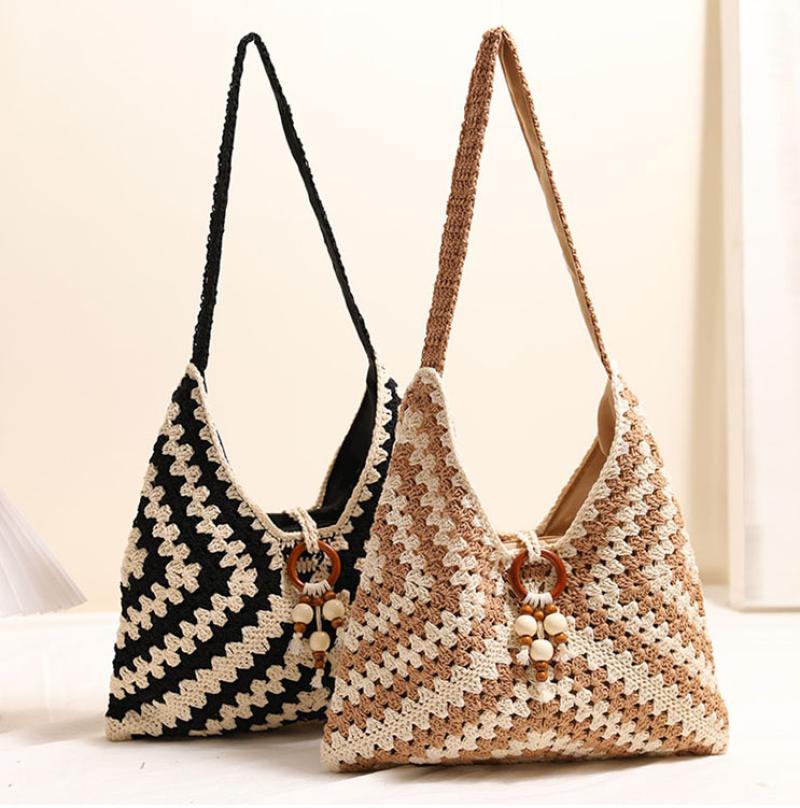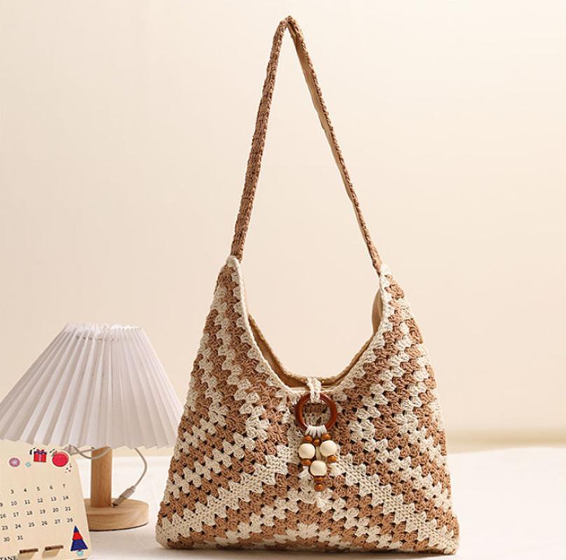Ethnic Style Shoulder Cotton Woven Bag New Lattice Straw Woven Bag Beach Bag
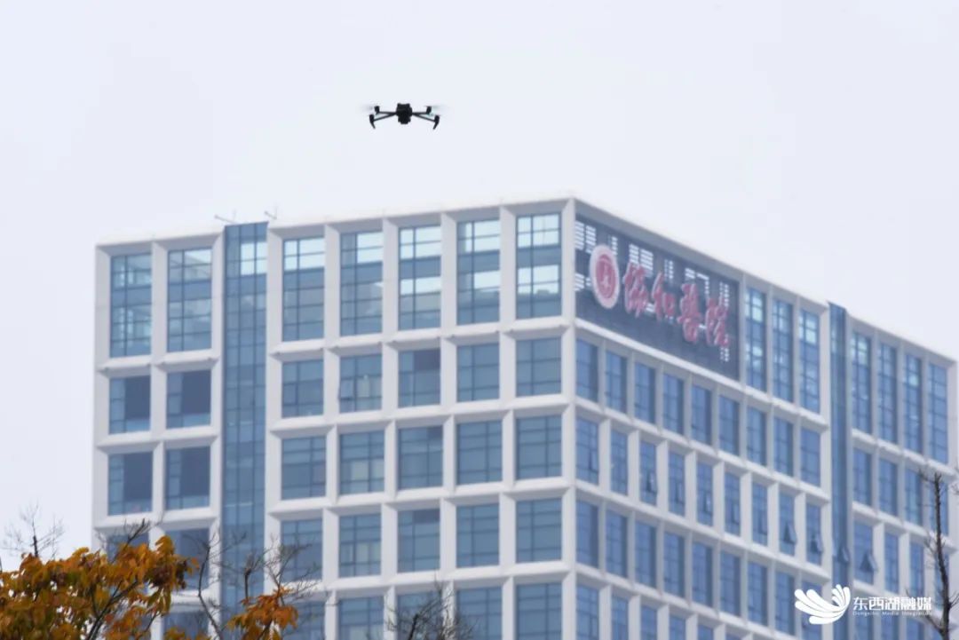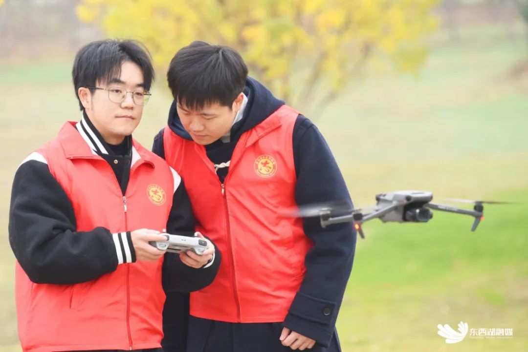 伴随着螺旋桨的阵阵嗡鸣声,一架无人机应声而动,从白马泾公园迅速上升,按照既定路线飞行,并将航拍影像的清晰视频画面实时传回。
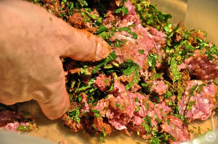 500g gemisches Hackfleisch (Rind/Lamm oder Rind/Schwein) je nach Geschmack und Konfession
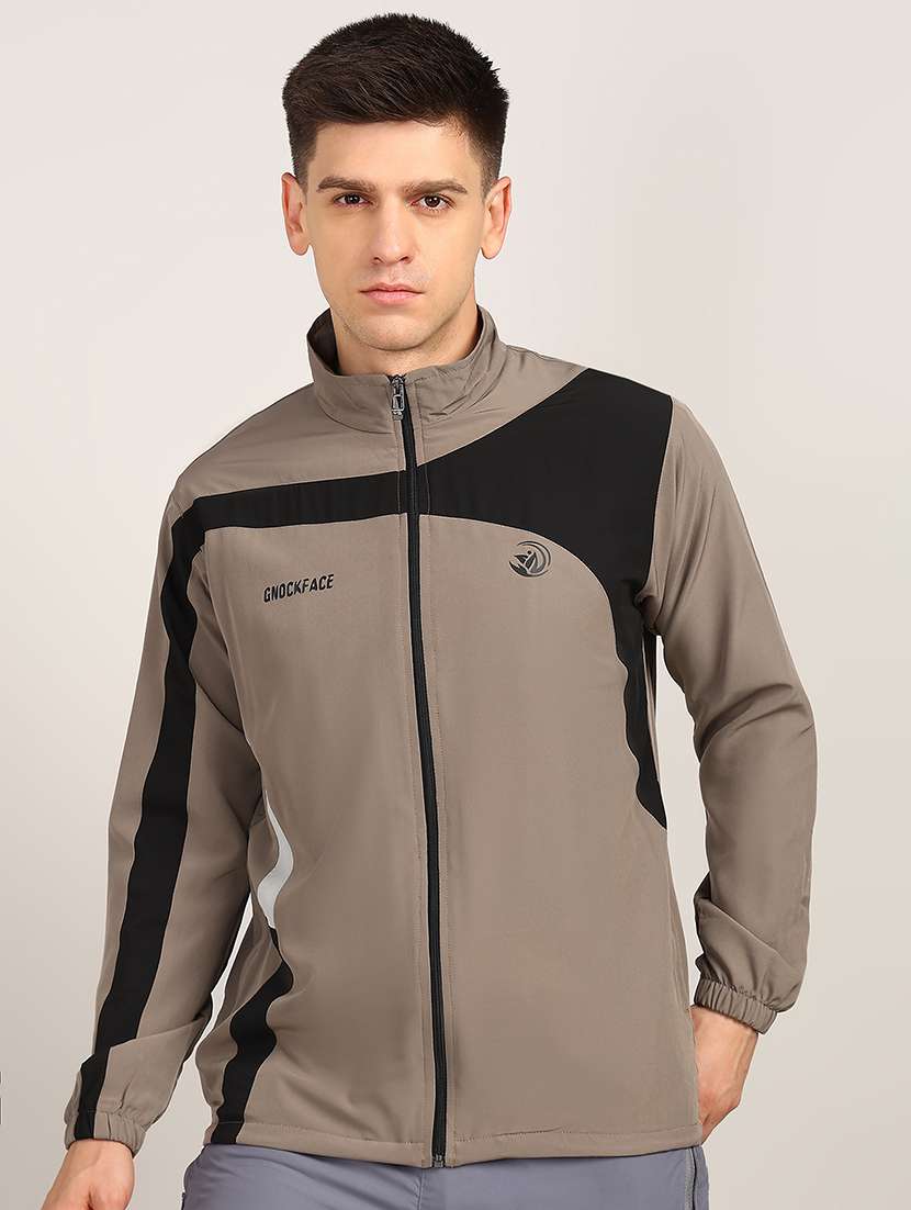men long sleeved color block casual jacket

····················

*WORK ORDER*.
Only the lines from the line with "伴随着螺旋桨的阵阵嗡鸣声,一" through the closing line of the data, both included, should be set down, exactly as written and without pictures.

*COMPLETED TASK*.
 伴随着螺旋桨的阵阵嗡鸣声,一架无人机应声而动,从白马泾公园迅速上升,按照既定路线飞行,并将航拍影像的清晰视频画面实时传回。
 500g gemisches Hackfleisch (Rind/Lamm oder Rind/Schwein) je nach Geschmack und Konfession
men long sleeved color block casual jacket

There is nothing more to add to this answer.